3. The information processing apparatus according to claim 1, wherein the machine learning information includes information indicating a storage location where the learned model is stored.
4. The information processing apparatus according to claim 1, wherein the machine learning information includes information indicating a storage location where input data used for creating the learned model is stored.
5. The information processing apparatus according to claim 2, further comprising an acquisition means for acquiring the input data from an external device different from the information processing apparatus.
6. The information processing apparatus according to claim 1, wherein the imparting means further imparts a hash value of the content to the content.
7. The information processing apparatus according to claim 6, wherein the imparting means further imparts a digital signature obtained by encrypting the hash value with a private key to the content.
8. The information processing apparatus further comprising a transmission means for transmitting data input to the learned model for generating the content by the generation means to an external device, The information processing apparatus according to claim 1, wherein the imparting means further imparts information indicating the location of the external device to the generated content.

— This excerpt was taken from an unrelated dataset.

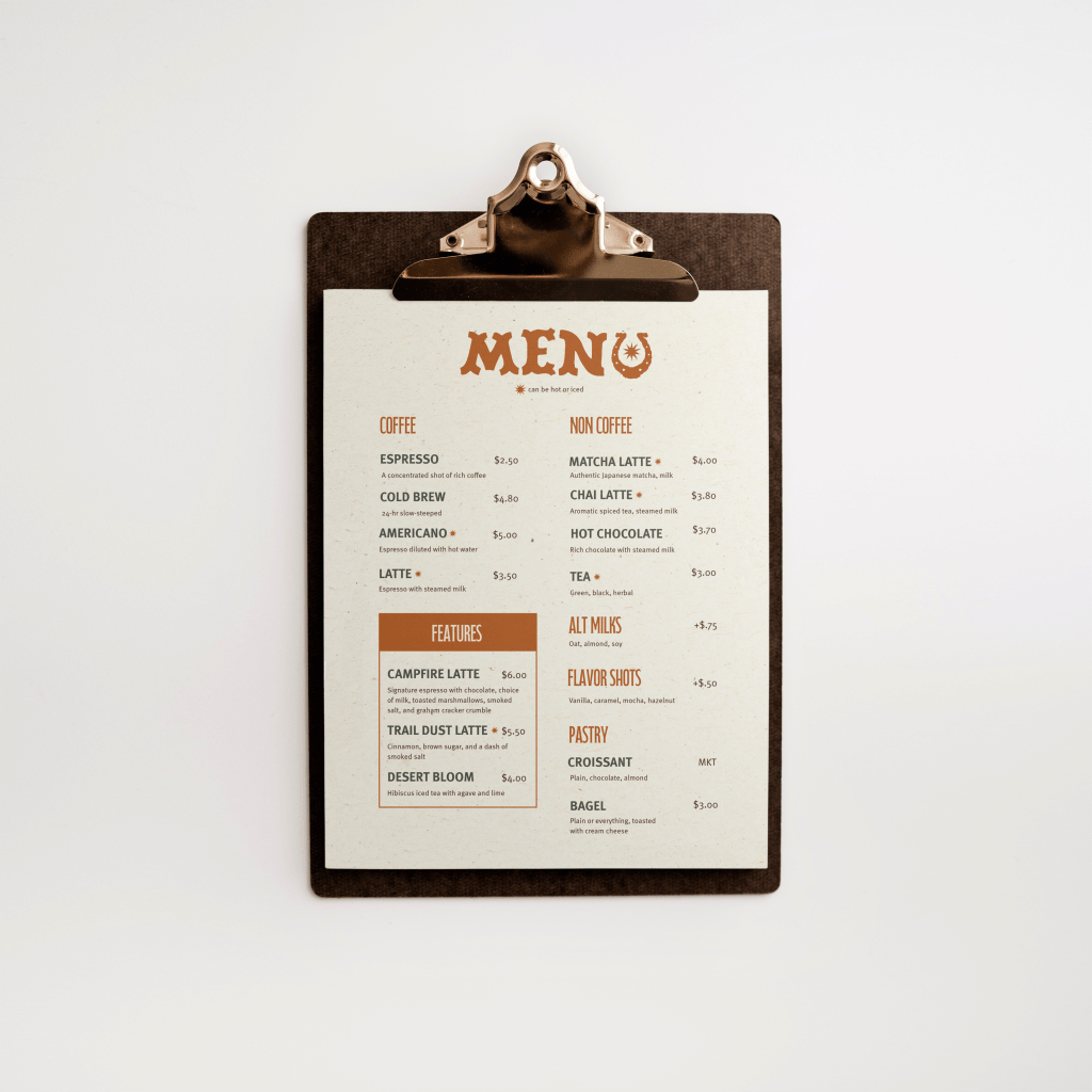 The result is a rugged yet refined brand system that captures these values through warm, earthy tones, vintage-inspired typography, and subtle textural details. The primary logo evokes movement and heritage, while the supporting visuals lend themselves to a range of applications from enamel mugs, coffee bags, menus, and beyond.

9. The information processing apparatus according to claim 1, wherein the imparting means imparts at least a part of the machine learning information in a reduced or compressed state.
10. A method for controlling an information processing apparatus, comprising: A generation step of generating output data output from a learned model of machine learning as content; An imparting step of imparting machine learning information regarding the learned model of the machine learning to the generated content.
11. A program for causing a computer to execute each means of the information processing apparatus according to claim 1.